Next, we explored the effects of MLD on antioxidant activity in CCl4-treated mice. Compared to the vehicle, CCl4 injection significantly reduced the mRNA levels of nuclear factor erythroid 2-related factor 2 (Nrf2) (p < 0.01; Figure 5a), an important transcription factor for antioxidant gene expression [21]. Administration of MLD, silymarin, LB, and DL significantly reversed the reduction in levels of Nrf2 mRNA (p < 0.05, CCl4 versus DL; p < 0.01, other comparisons). This restoration of Nrf2 mRNA by three different doses of MLD was more potent than that by silymarin or either the herbal extracts alone (p < 0.01; Figure 5a).

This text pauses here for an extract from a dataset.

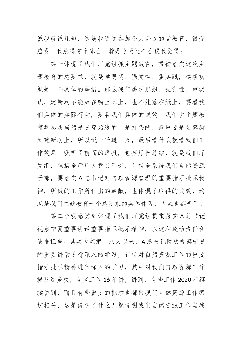 主题教育督导组组长在“大起底”“回头看”汇报会上的讲话贯彻落实A总书记视察宁夏重要讲话,重要指示批示精神,大起底回头看,也是自治区党委结合我们自然资源实际部署的这次主题教育的五大载体之一,这个内容很重要。自治区党委召开了大起底回头看的工作会议,对A总书记视察宁夏的重要讲话精神,对自然资源工作的一系列指示批示精神进行了全面的梳理,进行了回头看,自治区党政各位领导都结合分管的工作又如何落实的,做了情况通报,进行了工作交流。那么今天自然资源厅党组召开这样一个会议,传达学习党委大起底回头看的会议精神,对厅系统厅党组全厅的工作厅系统工作也进行安排部署,我觉得今天这个会很重要很有意义。会议开始时候,世民副厅长通报了我们自然资源厅大起底回头看的基本情况,听了之后确实还是很有感触,各位厅领导也结合自己分管的工作进行进行了交流,厅长代表全厅大起底回头看,特别是结合我们自然资源工作进行了一个全面的总结,也梳理了指出了存在的问题,并对下一步的工作大起底回头看,包括主题教育工作进行了再次的安排部署。我今天参加这个会议,我是本着学习的态度来听大家的情况和意见建议,没有做讲话,没有想学讲话,刚厅长让我说我就说几句,这是我通过参加今天会议的受教育,很受启发,我总得有个体会,就是今天这个会议我觉得:第一体现了我们厅党组抓主题教育,贯彻落实这次主题教育的总要求,就是学思想、强党性、重实践,建新功就是一个具体的举措。那么我们讲学思想、强党性、重实践,建新功不能放在嘴上本上,也不能落在纸上,要看我们具体的实际行动,要看我们具体的成效。我们讲主题教育学思想当然是贯穿始终的,是打头的,最重要是要落脚到建新功上,所以说一千道一万,最后看什么就看我们工作效果。我听了前面的通报,包括厅长总结,就是我们厅党组,包括全厅广大党员干部,包括全系统我们自然资源干部,要落实A总书记对自然资源管理的重要指示批示精神,所做的工作所付出的奉献,也体现了取得的成效,这就是我们主题教育一个总要求的具体体现,大家也都听了。第二个我感觉到体现了我们厅党组贯彻落实A总书记视察宁夏重要讲话重要指示批示精神,以这种政治责任和使命担当。其实大家把十八大以来,A总书记两次视察宁夏的重要讲话进行深入的学习,包括对自然资源工作的重要指示批示精神进行深入的学习,其中对我们自然资源工作提及过多次,有些工作16年讲,讲到,有些工作2020年继续讲到,而且有些重要的批示也都跟我们自然资源工作密切相关,这是说明了什么?就说明我们自然资源工作与我们经济社会发展,与A总书记对宁夏发展的殷切希望息息相关,为什么有些工作A总书记16年来讲,2020年来继续还在讲,包括十八大之前A总书记来的,他当政治局常委那是哪一年来的?这97年还来过一次,因为我们大家都是搞具体工作的,确实我们自然环境,我们的生态很脆弱,特别我们中部包括六盘固原来确实很脆弱,所以A总书记极力关注,包括我们三山的保护,我觉得在这方面我听了之后,确实也体现了我们厅党组,我们全厅的党员干部贯彻落实A总书记重要指示重要批示,视察宁夏重要讲话,我们应该承担什么?我们应该做什么?我们不是要强调要筑牢A总书记怎么说我们就怎么干的政治忠诚,就是一个具体体现。我觉得这是一种使命,一种责任,一种担当。第三点我听了之后,自然资源工作确实是一个系统的综合性的工作,有些工作说起来容易,确实做起来很难,有些问题的形成长期的各种各样的原因,而是解决起来不是说一下就可以解决的,不是说一蹴就能一蹴而就的,我们三山的治理,但是又是在这样比较复杂的情况下,能形成这样的效果,我也觉得体现了我们厅党组我们厅党员干部,包括全系统干部的这种精神状态,良好的精神状态和深入的扎实的工作作风工作作风,没有大家的努力,没有大家有良好的精神状态,甚至不断的去推动去实践,我觉得有些事可能也还是比较难。因为有些工作确实不光是我们系统要做,是各地各部门乃至全社会要共同来努力的,共同来努力的,所以我觉得也体现了我们党员干部的良好的精神状态,扎实工作作风,我们讲学思想,要做到深化、内化、转化,...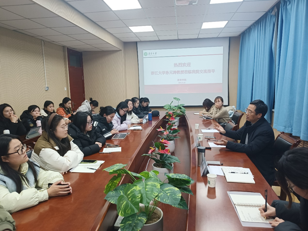 2025年11月25日,浙江大学教育学院博士生导师、中国教育学会教育学分会常务理事、全国教育基本理论学术委员会委员、华东师范大学“生命·实践”教育学研究院特聘研究员孙元涛教授应邀来我校进行学术交流,并作题为《执两用中:课堂学教关系转型的方法论反思》的专题报告。

Consistent with the reduction in Nrf2 mRNA levels, CCl4 also significantly depleted glutathione (an endogenous antioxidant) levels and inhibited SOD and catalase activities (p < 0.01; Figure 5b–d). All three doses of MLD significantly alleviated the depletion of glutathione and the reduction of SOD and catalase activities (p < 0.01), with the magnitude of these restorative effects greater than those seen in response to silymarin or either of the herbal extracts alone (p < 0.05, glutathione levels in the silymarin versus the 50 mg/kg MLD group; p < 0.05, SOD activity in the silymarin versus the 100 mg/kg MLD group and in the LB versus the 50 or 100 mg/kg MLD group; p < 0.05, catalase activity in the DL versus 50 or 100 mg/kg MLD group; p < 0.01, other comparisons; Figure 5b–d), except for glutathione levels, which did not differ significantly between the 50 mg/kg MLD group and the LB group (Figure 5b).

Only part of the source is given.